I turn first to the issue of suitability in relation to Mr and Mrs Sheridan. This turns, as I have said, on the treatment by the Council and the review panel of the psychiatric assessments carried out by Dr Slater. It goes without saying that the Council was bound to consider the psychiatric evidence when formulating its offer of accommodation. As stated earlier, the duty is one owed to Mr and Mrs Sheridan and must take account of their own needs. Although it can be said with some justification that parts of Dr Slater’s prognosis is based on conjecture rather than evidence and may be over-pessimistic, the Council and its review panel were prepared to accept at face value his opinion that a move away from Dale Farm and into separate bricks and mortar accommodation would pose a risk in both cases of future depression which in the case of Mr Sheridan might lead to a break down in his medication with future serious health consequences.

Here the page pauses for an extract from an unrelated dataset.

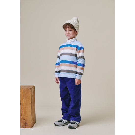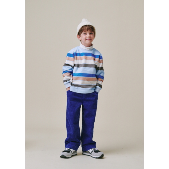 베이지, 블루 컬러의 코듀로이 팬츠 아이템과 함께 매치하여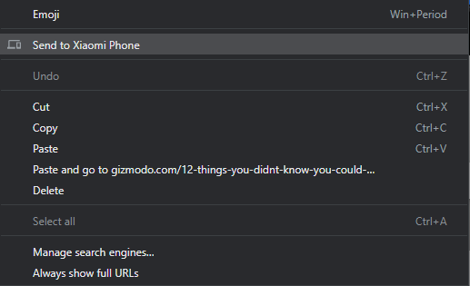 Si hay una página web que desees ver en tu teléfono u otro dispositivo, haz clic con el botón derecho en la URL en la barra de direcciones en la parte superior de la interfaz de Chrome, luego elija Enviar a tus dispositivos. En este caso, “tus dispositivos” son todos los dispositivos en los que hayas instalado Chrome, hayas iniciado sesión con tu cuenta de Google y hayas activado la sincronización. Elije una de las opciones de la lista que aparece y la URL en cuestión se envía instantáneamente al otro dispositivo.

Mr Offer emphasises that it is important to keep separate the issues of whether (having regard to these circumstances) the Council’s offer of accommodation was suitable and the much more general issue of whether it could rely on a lack of pitches when that was the result of its own inadequate response to the need for site provision. He submits that the Wednesbury minimum line is crossed in the case of Mr and Mrs Sheridan by accommodation which may cause injury to their health and that, in accordance with the Codona principles, a current lack of available sites is no answer to that.
The judge, he says, conflated these two issues by asking himself whether the Council had done all that it reasonably could to find an available pitch for the Sheridans. As a consequence, he did not really answer the first question which is whether, in their case, anything less than a pitch would be Wednesbury suitable.

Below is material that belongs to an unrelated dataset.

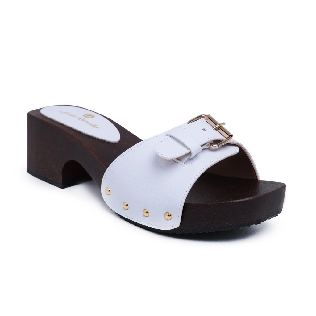 Sandália Linda Ramalho Tamanco escuro Couro Claro Legitímo

The judge dealt with these issues in paragraphs 44-49 of his judgment:
“44. The Council, through Ms Ward, says relying upon the judgment in Lee v. Rhondda that it cannot be argued that land had to be purchased, since Longmore L.J had said in terms that the Recorder at first instance had held that it was unrealistic to require the Council to inquire into the possibility of acquiring a piece of ground for the siting of a single caravan for the Appellant and that it was not appropriate for the reviewing panel to question or revisit strategic decisions about the provision of accommodation for gypsies in general. The Court of Appeal said that once it is decided that the Council is not obliged to make such enquiries “it is not clear …what further enquiries the authority could be expected to make. She says that if there are unusual circumstances such as evidence of possible psychiatric harm to be suffered by an Appellant then the Council is or may be expected to do more than consider availability and sites within their own area and that the evidence in this case is that the Respondent has in fact done this by investigating the possibility of sites outside its own area. She says that the case of Lee, which is essentially the high point of the Appellants’ cases does not go further than this even when the nature of the psychiatric evidence is not challenged.

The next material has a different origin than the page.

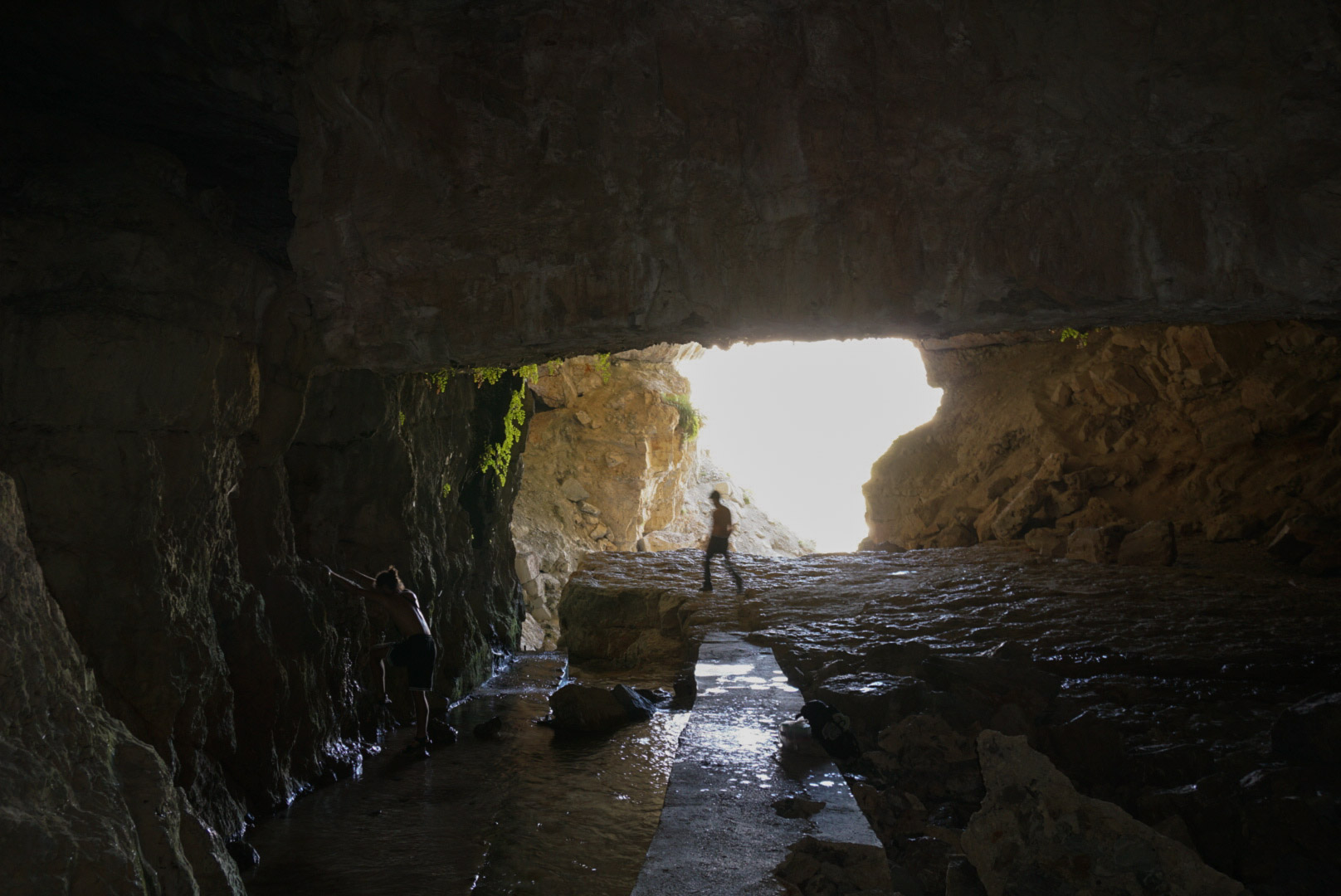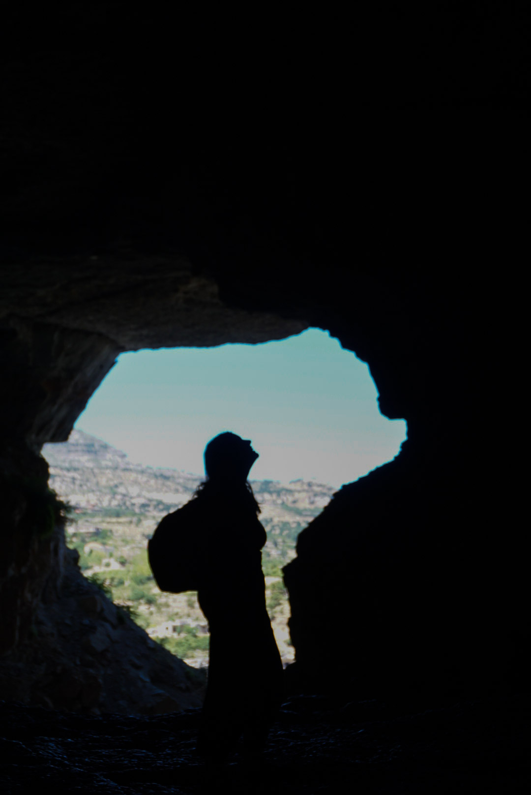 On arrive devant une petite église et à côté un petit sentier qui grimpe sur l’équivalent de 5 min nous mène à un joli point de vue pour débuter la journée, on poursuit avec une sorte d’église (il y en a beaucoup au Liban et ce sont de beaux endroits, car c’est le seul argent que le pays dépense) mais surtout, car la balade parmi les falaises est vraiment sympathique à faire. On descend le long d’un immense escalier de métal pour retrouver le niveau normal de la terre et on arrive devant la grotte. Si vous vous demandez pourquoi j’annonce ça si calmement, c’est parce qu’on nous en avait parlé préalablement. Nous ne sommes pas à 4, mais avec la petite sœur de Rawad et cousine d’Ax, Rima et son copain Georgio. Ce fameux copain connaît quelqu’un qui est spéléologue de profession et qui nous amène à un bon prix visité cette grotte. Mon taux de peur était très bas au début, j’aime bien les grottes, je ne suis pas claustrophobe et j’avais un pull donc tout se présageait bien. Ensuite, j’ai appris qu’il n’y avait aucune lumière dans la grotte, mais qu’on avait des lampes frontales donc ça allait. Ensuite, j’ai appris et non sans flipper que l’on allait faire du rappel et je crois que nul besoin de le préciser, mais on ne sait jamais : j’ai énormément le vertige dans la vie. Autant dire que j’ai dit “pas de soucis” tout en tremblant mentalement.

45. Citing paragraph 16 of the judgment in Lee Ms Ward says that in determining a review the officer conducting it cannot off his or her own bat determine issues such as general planning duties of the Council in relation to, for example, the local development plan and their own strategic planning which are dealt with outside of the housing department and within a much longer time frame.
46. If it were right that a Council was obliged to provide a site for caravans where none exists this, says Ms Ward, would countermand the repeal of the statutory duty legislated by the 1994 Act.
47. Bearing all of these considerations in mind I was persuaded that Ms Ward was right. I think it is correct to say that it was not for the Review Panel to decide upon strategic issues nor to attempt to decide or subvert the planning process, even in connection with temporary planning permission, nor to act as an arm of social services, that their observation that any health problems could and should be addressed through the NHS or support services was sensible and realistic and the description of emergency accommodation under Part 7 of the Housing Act 1996 as it now is, is a “lifeline of last resort” as Lord Brightman described it in R. v. Hillingdon LBC ex p. Puhlhofer.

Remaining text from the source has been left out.